Aim of the task —
Copy each line of the data below exactly, leaving out pictures.

Supplied material —
++++++

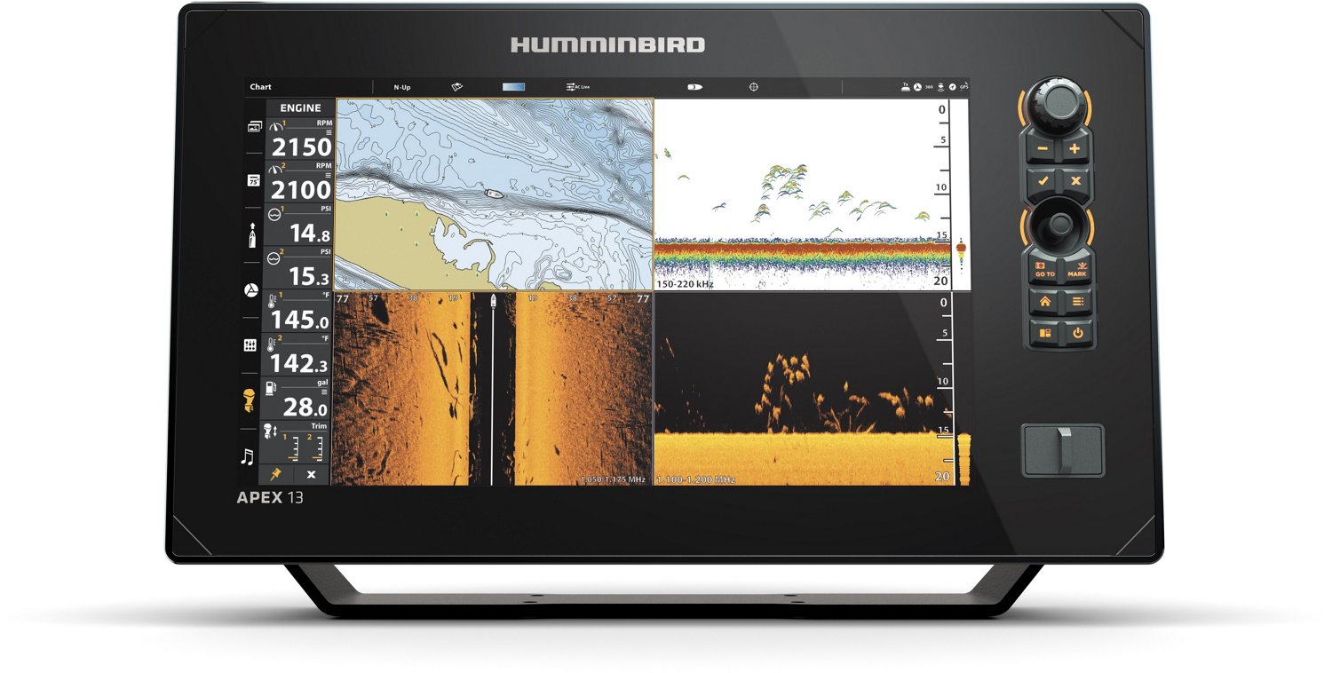 Explore the deep blue with the Humminbird Apex 13 MSI+ Chartplotter. The MEGA imaging+ provides a 250-foot range of view on all sides of the boat, and the Wireless Cannon® Optimum™ downrigger control allows you to reach greater depths. The Minn Kota® ensures stable boat control, and the HD touchscreen display with Cross Touch® interface helps you view and discover every detail.
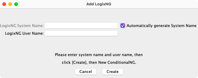 normally followed by numbers. For details about the LogixNG system name, see Add a LogixNG. The system name cannot be changed.
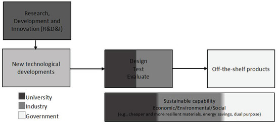 However, the existing literature is somewhat scattered; in general, from the articles analyzed, we identified specific constructs focused on research, development and technological innovation (R&D&I). Technologies coming from the triple helix innovation model—where universities, industry and governments play an active role—are tested and evaluated for use by stakeholders (e.g., the armed forces). The attributes and characteristics of off-the-shelf products are expected to be a guarantee of sustainability and transition to a greener industry. The case study presented in the next sections validated the conceptual model above (Figure 2); however, a new relevant construct was added that had not been previously addressed in the defense industry literature.
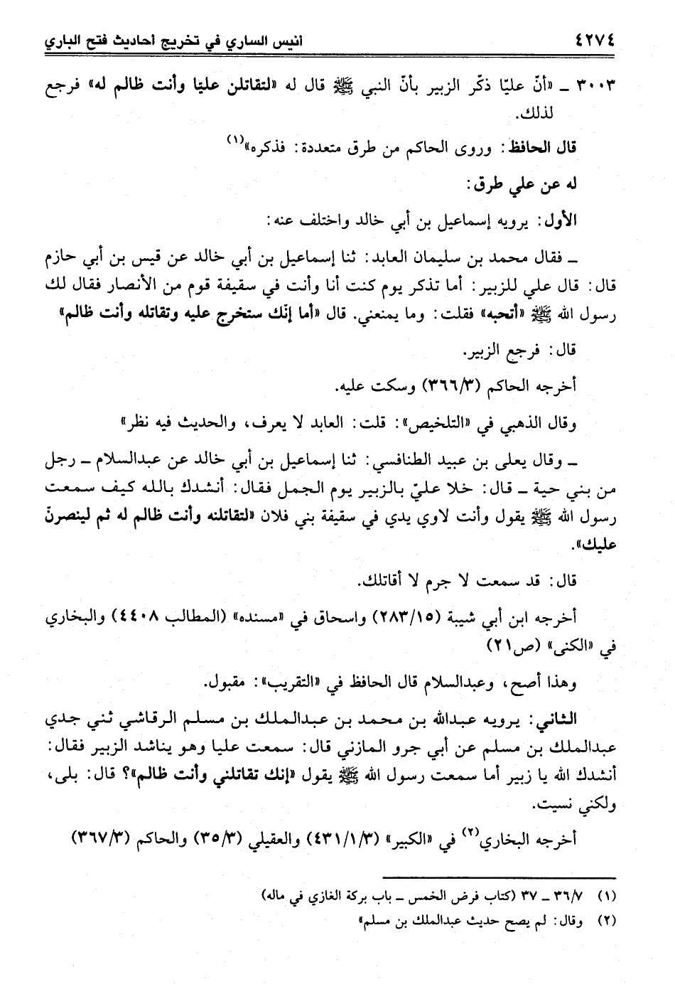 3003 - "أنّ عليّا ذكّر الزبير بأنّ النبي - صلى الله عليه وسلم - قال له "لتقاتلن عليًّا وأنت ظالم له" فرجع لذلك.

++++++

Solution —
 Explore the deep blue with the Humminbird Apex 13 MSI+ Chartplotter. The MEGA imaging+ provides a 250-foot range of view on all sides of the boat, and the Wireless Cannon® Optimum™ downrigger control allows you to reach greater depths. The Minn Kota® ensures stable boat control, and the HD touchscreen display with Cross Touch® interface helps you view and discover every detail.
 normally followed by numbers. For details about the LogixNG system name, see Add a LogixNG. The system name cannot be changed.
 However, the existing literature is somewhat scattered; in general, from the articles analyzed, we identified specific constructs focused on research, development and technological innovation (R&D&I). Technologies coming from the triple helix innovation model—where universities, industry and governments play an active role—are tested and evaluated for use by stakeholders (e.g., the armed forces). The attributes and characteristics of off-the-shelf products are expected to be a guarantee of sustainability and transition to a greener industry. The case study presented in the next sections validated the conceptual model above (Figure 2); however, a new relevant construct was added that had not been previously addressed in the defense industry literature.
 3003 - "أنّ عليّا ذكّر الزبير بأنّ النبي - صلى الله عليه وسلم - قال له "لتقاتلن عليًّا وأنت ظالم له" فرجع لذلك.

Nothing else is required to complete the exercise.